Hm, did I say from the get-go?
No, I did
They (Wilson Benesch) have an advantage over Rega - they could use computer modelling and finite element analysis from the get-go
Unfortunately (for me) you started in the '80s a couple of decades after me. The "2-bit variety" I cut my teeth on actually had 6-bit addressing - hence 64 memory locations.
Finite element analysis has nothing to do with electronics or circuit design. It is mainly used in structural analysis, for example to predict the crash performance of a car body, or the propagation of vibrations in a tonearm. To do this, the overall mechanical structure is modelled as a mesh, and forces for each link in the mesh are modelled as differential equations which very powerful computers can solve. The finer the mesh, the more accurate the results, but the more compute power you need.

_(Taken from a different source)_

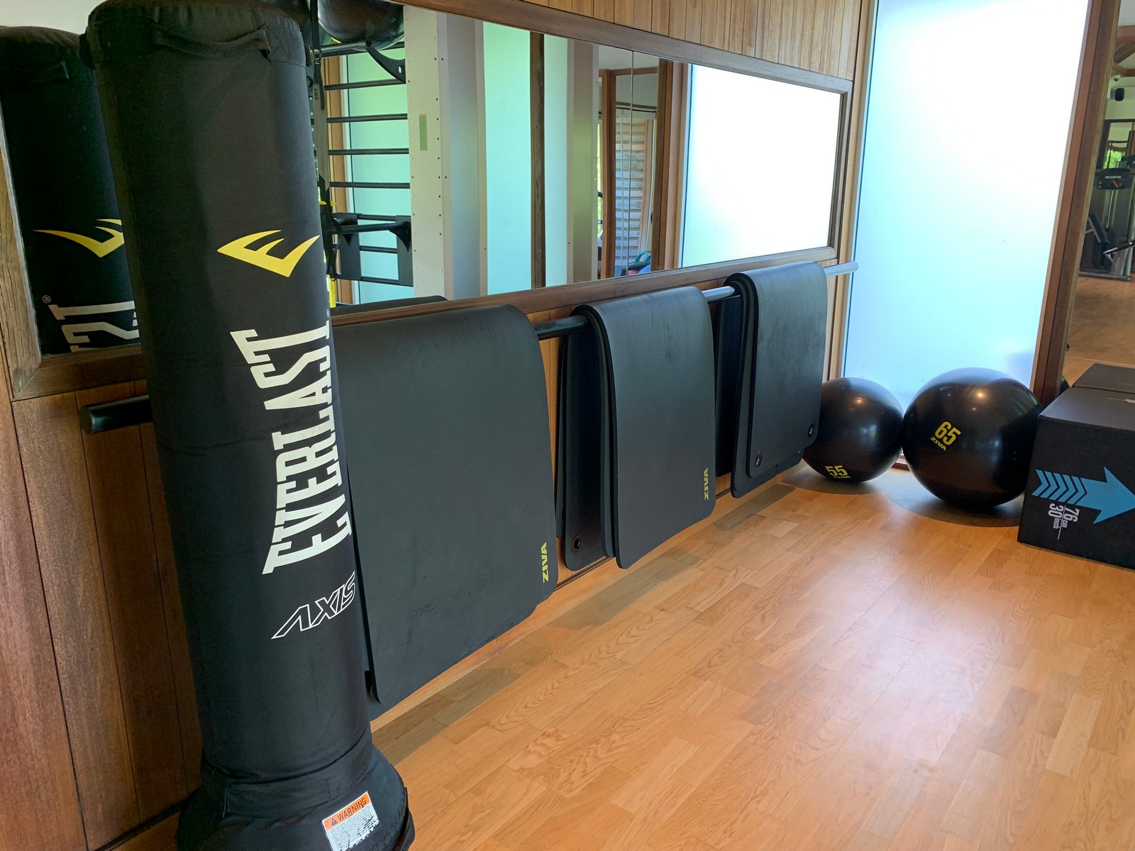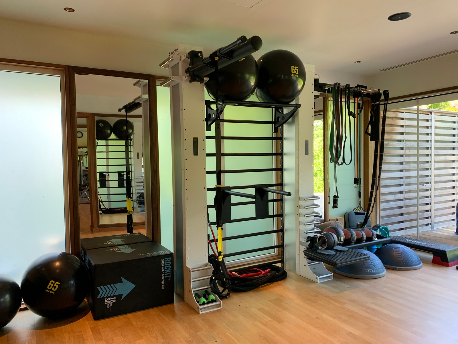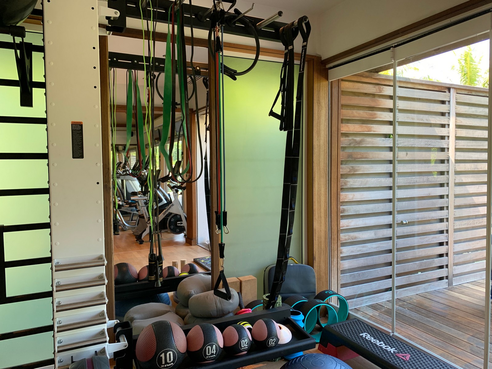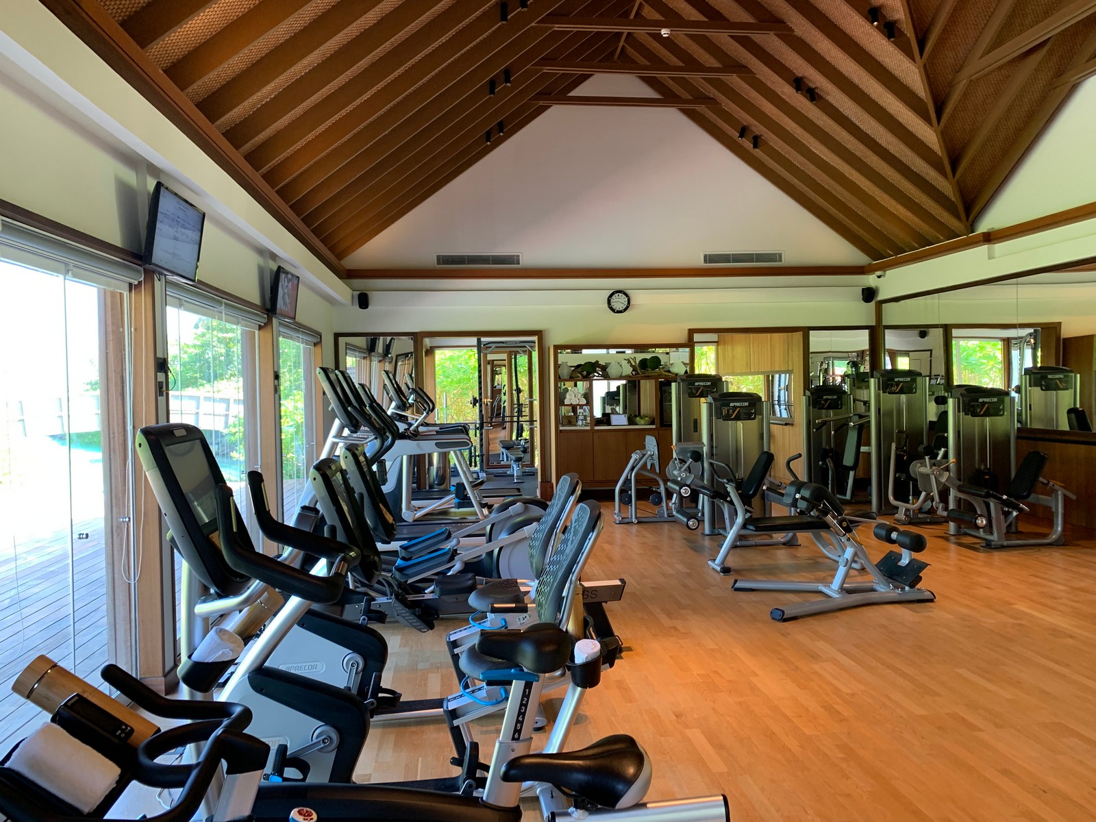 Das Waldorf Astoria Maldives Ithaafushi verfügt über ein gut ausgestattetes Fitness-Studio, welches rund um die Uhr geöffnet ist. Im zentralen Bereich des Hotels an einem Kanal gelegen bietet es einen Blick auf Palmen und Wasser. Neben einigen Laufbändern und diversen Cardio-Geräten standen zahlreiche Precor Geräte, Bälle, Bänder und Hanteln bereit. Das Fitnessstudio verfügt über mehrere Personal Trainer, von denen während unserer Besuche mindestens immer zwei anwesend waren. Neben der Möglichkeit private Sessions mit einem Trainer zu buchen, gibt es die Möglichkeit am Nachmittag ein Gruppen-Workout mitzumachen. Wir haben die Chance mehrmals genutzt und waren maximal zu dritt und haben so indirekt eine private Stunde erhalten. Doch auch ohne Privatsession ist man im Fitnessstudio gut aufgehoben. So wird Gästen eine wiederauffüllbare Wasserflasche gereicht. Sehr angenehm war auch das kalte Tuch nach dem Training. Da könnte sich mein Fitnessstudio gerne eine Scheibe von abschneiden…

When Australia had a car industry, the boffins at Holden used finite element analysis to design and crash test a ground-up design, the Commodore, and go to full production, without creating any physical prototypes.
In my opinion, the memory address restrictions in computers were suddenly blown away by the release in 1978 of the 32-bit Virtual Address eXtension (VAX) by Digital Equipment Corporation. It could directly address 4-gigabytes of virtual memory. Back then real memory was still extremely expensive - I agonised whether the two VAX-11/780s I needed should have one megabyte of real memory, or one and a quarter. Each computer needed several full-size cabinets. Most Australian universities at that time could afford to acquire one VAX typically supporting 100 time-sharing users.
By 1985 almost the same performance and exactly the same architecture could be had from the MicroVAX II, with a single-chip cpu, a cabinet you could carry and a price tag smallish companies could afford. You could hook dozens of them up with your Ethernet cards and make a passable supercomputer. But this was well after Rega was founded.
Did you work for British Leyland or something? Killed by a lack of forward thinking and among other things
I don't think British Leyland was killed by lack of forward-thinking engineers. You only have to think of the Mini, which set the design parameters for almost every small car produced today - front-wheel drive, east-west engine, wheels at the corners. Then its bigger brothers, with Citroen-like suspension but without the expensive pumps, the 1100 and 1800.
In my opinion, it was killed by the difficulty of successfully managing mergers and acquisitions. The heads of Morris and Austin had been fierce rivals, then were supposed to cooperate. Add rivals Triumph and innovative Rover to the mix. And try to make it work in a class-riddled country plagued with industrial disputes.